Na de les geven de medestudenten een score aan de lesopdracht. Aan de hand van een checklist met relevante criteria motiveren zij deze appreciatie en wordt feedback gegeven. Na de les kunnen de medestudenten
- een taakomschrijving weergeven van de belangrijkste bemiddelende instellingen ter bevordering van de Internationale handel en hun onderlinge samenwerking
- de Internationale handel op wereldschaal en binnen de Europese Gemeenschap onderzoeken en het belang ervan voor Belgie aan de hand van recent cijfermateriaal aantonen
- aan de hand van een vergelijking het gebruik van de Incoterms in verschillende marktsituaties toelichten.
- de risico's omschrijven die inherent verbonden aan internationale handel
- de douaneformaliteiten en de btw-reglementering bij in- en uitvoer praktisch toepassen
- het documentair incasso en het documentair krediet als betalingstechniek in internationale handel schematisch verduidelijken.
- een import- of exportdossier samenstellen met de nodige handelsdocumenten waarbij de betaling gebeurt met een documentair krediet.
- verschillende media raadplegen en berichten over de nieuwste technieken in nationale en internationale handel.
- overheids- en internationale instellingen, beroeps- en bedrijfsorganisaties, banken en bedrijven aanschrijven om de theorie van de buitenlandse handel te toetsen aan de praktijk
Wie niet slaagt voor de voorbeeldles in de eerste examenperiode schrijft een verslag over het opgegeven thema. De student dient daarbij gestructureerd te werken, met schema’s en flowcharts e.v.t. aangevuld met grafieken, tabellen, foto’s. Verder houdt hij/zij de tekst leesbaar, kort en bondig, en toch zo volledig mogelijk. Het rapport wordt bij het begin van de derde examenperiode bezorgd aan de docent op papier en in electronische vorm doorgestuurd

Inhoud

INHOUDELIJK EXPERT

DOCUMENTBEHANDELING

Integratie: Word - Excel - Access – PowerPoint
Aan de hand van voorbeelden worden de verschillende mogelijkheden van integratie tussen de softwarepakketten bestudeerd.
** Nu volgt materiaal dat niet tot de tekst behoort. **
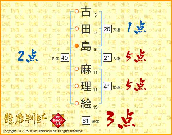 古(5画)田(5画)島(10画) 麻(11画)理(11画)絵(19画)
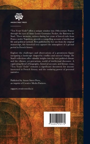 "Ten Years' Exile" offers a unique window into 19th-century France through the eyes of Anne Louise Germaine Necker, the Baroness de Stael. These memoirs, written during her years of forced exile from France under Napoleon, provide a compelling account of intellectual life and political turmoil. First published by her son from the original manuscript, this historical text captures the atmosphere of a pivotal period in French history. Explore the challenges and observations of a prominent figure navigating a landscape shaped by conflict and societal change. De Stael's reflections offer valuable insights into the era's political climate and the vibrant, yet precarious, world of intellectual discourse. A captivating blend of biography, historical account, and literary essay, "Ten Years' Exile" remains a significant document for anyone interested in French history and the enduring power of personal narrative. This work has been selected by scholars as being culturally important, and is part of the knowledge base of civilization as we know it. This work is in the public domain in the United States of America, and possibly other nations. Within the United States, you may freely copy and distribute this work, as no entity (individual or corporate) has a copyright on the body of the work. Scholars believe, and we concur, that this work is important enough to be preserved, reproduced, and made generally available to the public. We appreciate your support of the preservation process, and thank you for being an important part of keeping this knowledge alive and relevant.
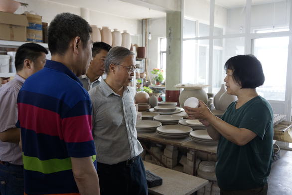 为总结培训工作经验、考察培训效果与成果转化、提高培训工作质量,在紧张的考察学习间隙,继续教育学院院和淄博陶瓷学院创业中心负责人还带队回访了淄博当地参加陶瓷烧制技艺第一期培训班的学员,并与学员进行了交流。
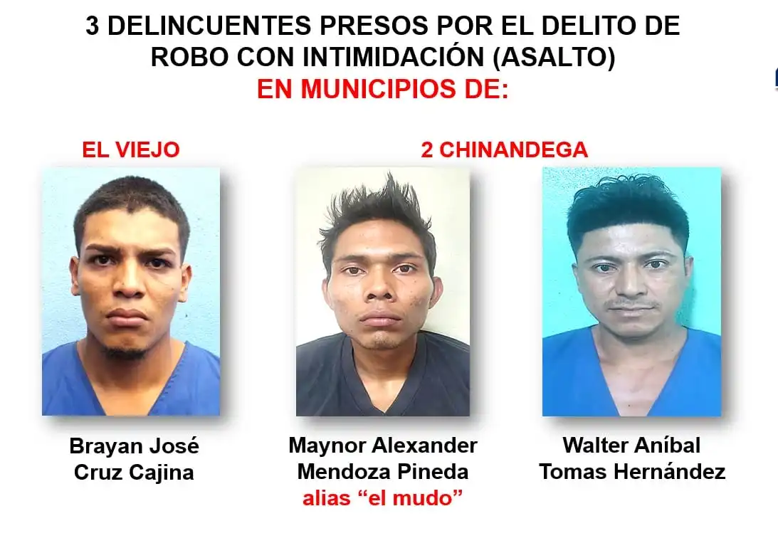 La jefatura policial departamental detalló que los sujetos Brayan José Cruz Cajina, Maynor Alexander Mendoza Pineda, alias “El Mudo”, y Walter Aníbal Tomas Hernández fueron capturados por cometer asaltos en los municipios de El Viejo y Chinandega.
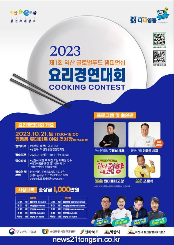익산시 관계자는 “전국에서 요리를 사랑하는 많은 분들이 관심을 갖고 참여해주셔서 수준 높은 요리 행사가 진행될 것으로 예상된다”며 “이번 요리대회를 통해 영등 상권을 널리 알리는 계기가 되길 기대한다”고 말했다.
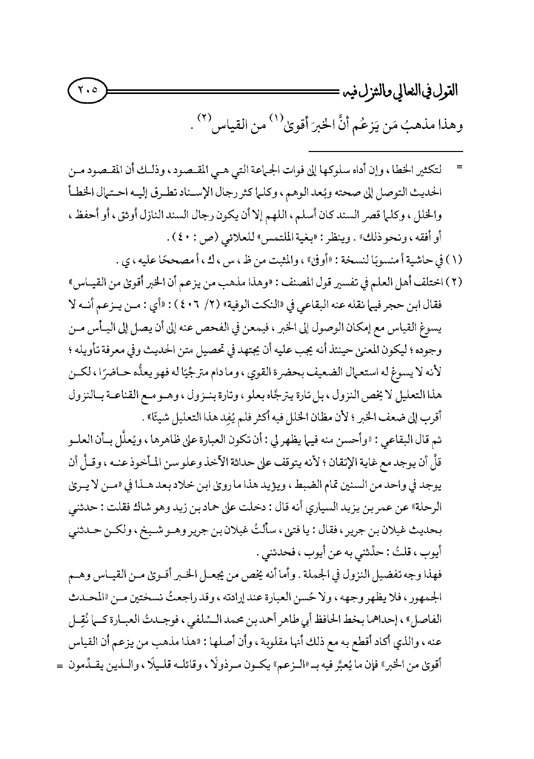 فهذا وجه تفضيل النزول في الجملة. وأما أنه يخص من يجعل الخبر أقوى من القياس وهم الجمهور، فلا يظهر وجهه، ولا حُسن العبارة عند إرادته، وقد راجعتُ نسختين من «المحدث الفاصل»، إحداهما بخط الحافظ أبي طاهر أحمد بن محمد السِّلفي، فوجدتُ العبارة كما نُقِل عنه، والذي أكاد أقطع به مع ذلك أنها مقلوبة، وأن أصلها: «هذا مذهب من يزعم أن القياس أقوى من الخبر» فإن ما يُعبَّر فيه بـ «الزعم» يكون مرذولًا، وقائله قليلًا، والذين يقدِّمون القياس ويجوِّزون فسخه به قليل جدًّا، وأما الأول فالقائل به جمهور الناس، وهو الصحيح الذي لا يُعدل عنه، فلا يصلح التعبير في جانبه بـ «زعم» على ما تعورف، ويكون مراد ابن خلاد التشنيع عليه بأن مراده إسقاط خبر الواحد، فإنه إذا فَضَّل النزول أبطل الرحلة، ومتى بطلت الرحلة، قلَّت الرغبة في الخبر وسقط كثير منه وضعف أمره، فآل ذلك إلى عدمه، وعدم التعويل عليه.
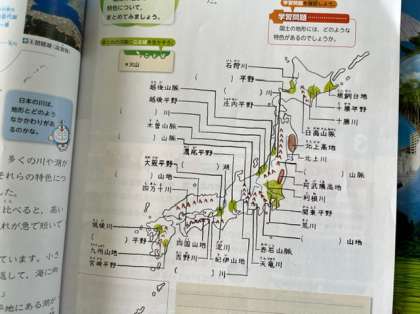 日本の国土についての学習です。日本の川や湖の特色について調べていました。世界の川と比べると、日本の川は高いところから流れていることや平野には必ず川が流れていることに気づきました。地図でみると日本にはたくさんの川や平野がありますね。
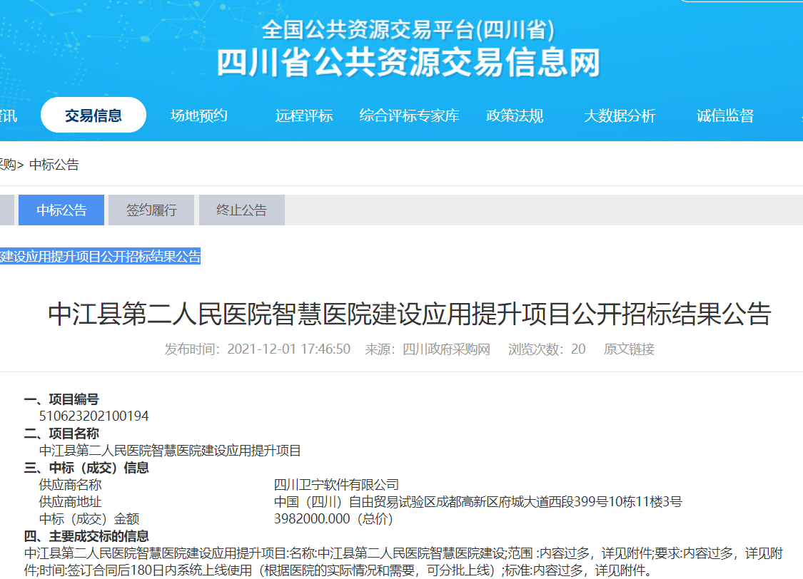 公开资料显示,中江县第二人民医院智慧医院建设应用提升项目的中标供应商为上市公司卫宁健康全资控股的四川卫宁软件有限公司,该项目预算金额为400万元。
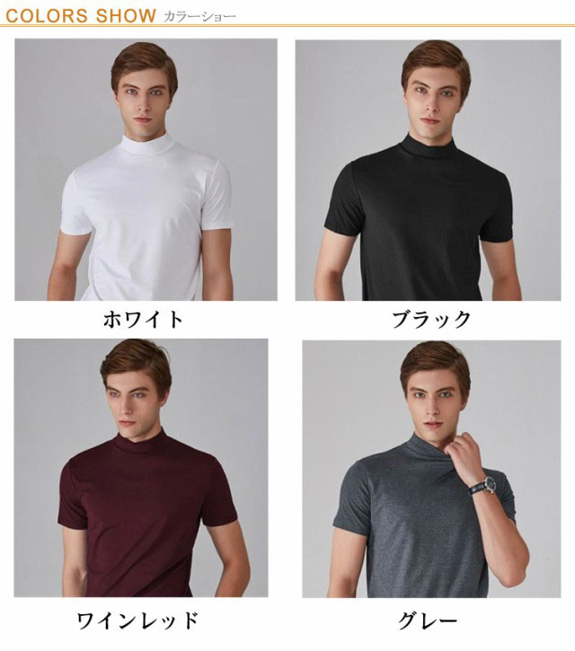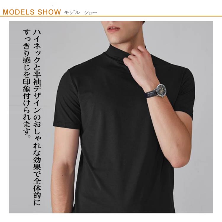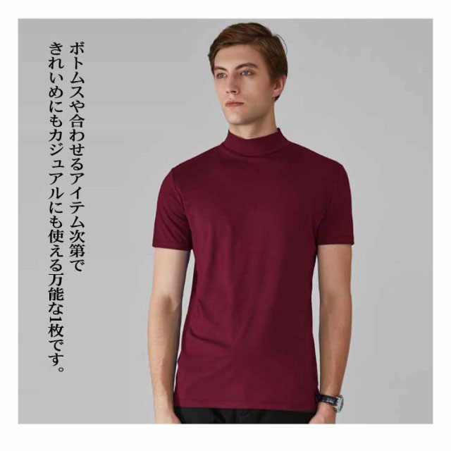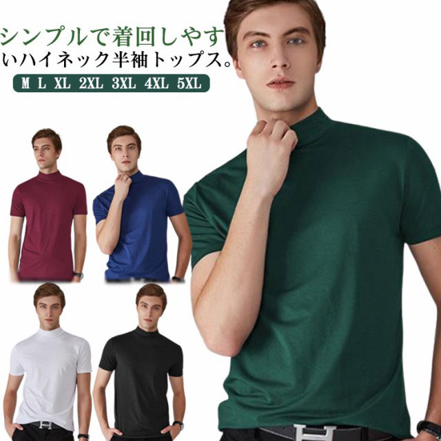 ハイネック tシャツ メンズ 半袖 tシャツ 無地 カットソー 夏 モックネック tシャツ ティーシャツ ゴルフtシャツ ゴルフウェア カジュアル シンプル ビジネス オフィス 普段着 夏 夏服 送料無料

Het gebruik en de mogelijkheden van mailmerge wordt uitgediept.
Dit onderdeel zal geëvalueerd worden met een test
Studenten moeten kunnen een volledige mailing uitwerken.

SoftAlgos/Alice
Naar aanleiding van de grote interesse voor het gebruik van vrije software in het secundair onderwijs bestuderen de studenten het programma SoftAlgos en/of Alice.

Wink
De studenten ontwikkelen degelijk cursusmateriaal met behulp van het programma Wink.

Expression Web 2007
Aan de hand van een opdracht de functies van de nieuwe versie toepassen.

MACRO-ECONOMIE

Macro-economische grootheden, conjunctuur en economische groei
De arbeidsmarkt
Geld, inflatie en loonindexering
Overheidsfinanciën
Globalisering

VAKDIDACTIEK
- Algemene evaluatieconcepten.
- Wat is evalueren en waarom evalueren ?
- Nagaan wat de leerplannen, vademecums en vakdocumenten hierover vermelden.
- Evaluatievormen.
- Evalueren van een schriftelijk werkstuk, van (presentatie)vaardigheden en van groepswerk.
- Bestaande synthesetoetsen/ opdrachten en evaluatiebladen bespreken.
- Zelf een synthesetoets/opdracht en evaluatieblad opstellen.
- Elke student kiest in overleg met de andere klasgenoten en met de leerkracht een thema uit de onderstaande lijst met dien verstande dat elk thema slechts éénmaal aan bod kan komen. De theorie bevindt zich in de cursus en dient vooraf ernstig doorgenomen.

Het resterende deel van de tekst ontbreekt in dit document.